### DATA BELOW
○ ○ ○ ○ ○ ○ ○

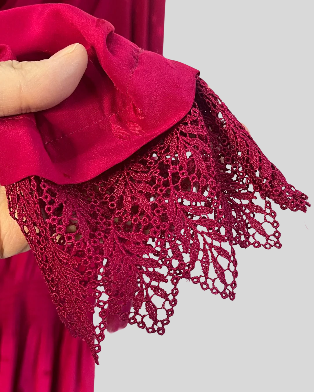 - Features a draped neckline, long sleeves with lace trim, a drop waist, and a pleated skirt with a lace hem
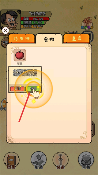 3、選中蘋果后會彈出操作選項,顯示【食用后恢復微量飽腹度和渴水度】的說明,點擊【使用】按鈕即可消耗該蘋果,提升角色對應的狀態數值,需按需選擇使用。
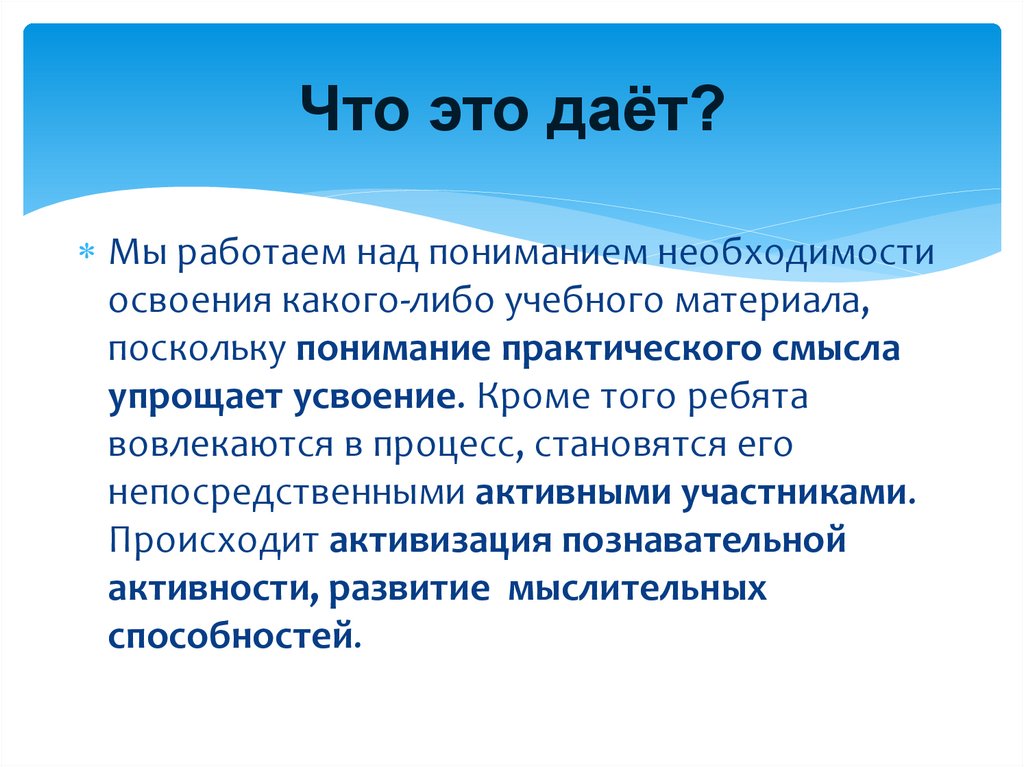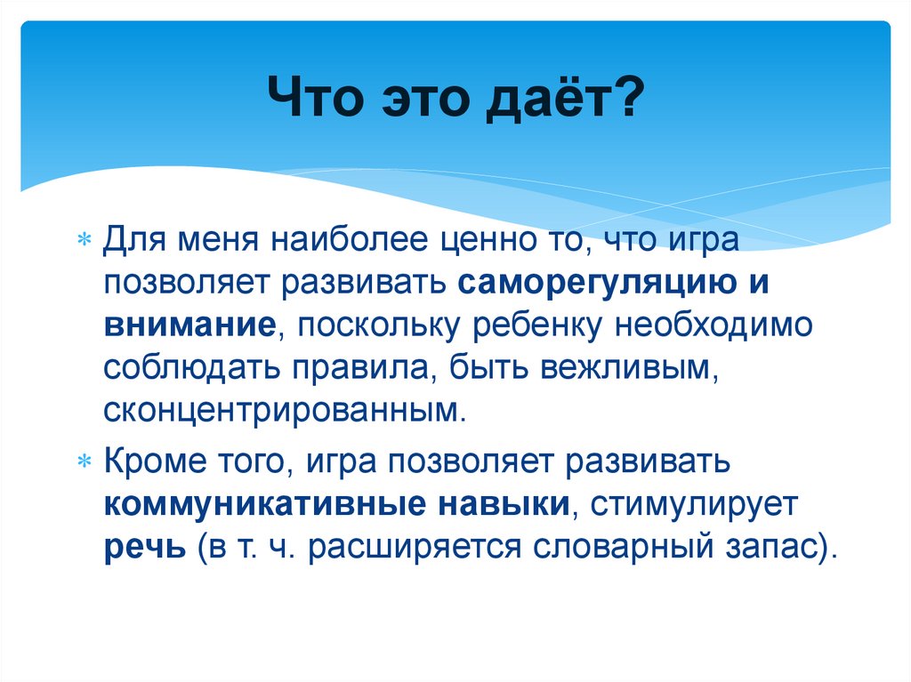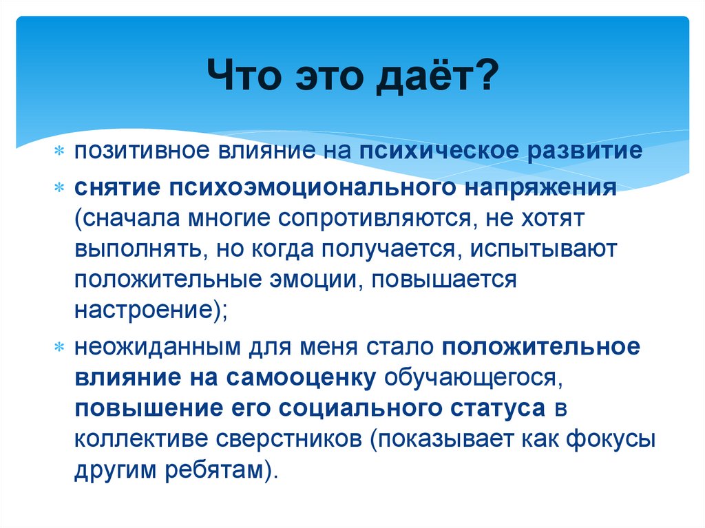 Что это даёт?позитивное влияние на психическое развитие

○ ○ ○ ○ ○ ○ ○

### ACTION ITEM
Word for word, retype all of the data above, but include no pictures.

### FINISHED EXERCISE
 - Features a draped neckline, long sleeves with lace trim, a drop waist, and a pleated skirt with a lace hem
 3、選中蘋果后會彈出操作選項,顯示【食用后恢復微量飽腹度和渴水度】的說明,點擊【使用】按鈕即可消耗該蘋果,提升角色對應的狀態數值,需按需選擇使用。
 Что это даёт?позитивное влияние на психическое развитие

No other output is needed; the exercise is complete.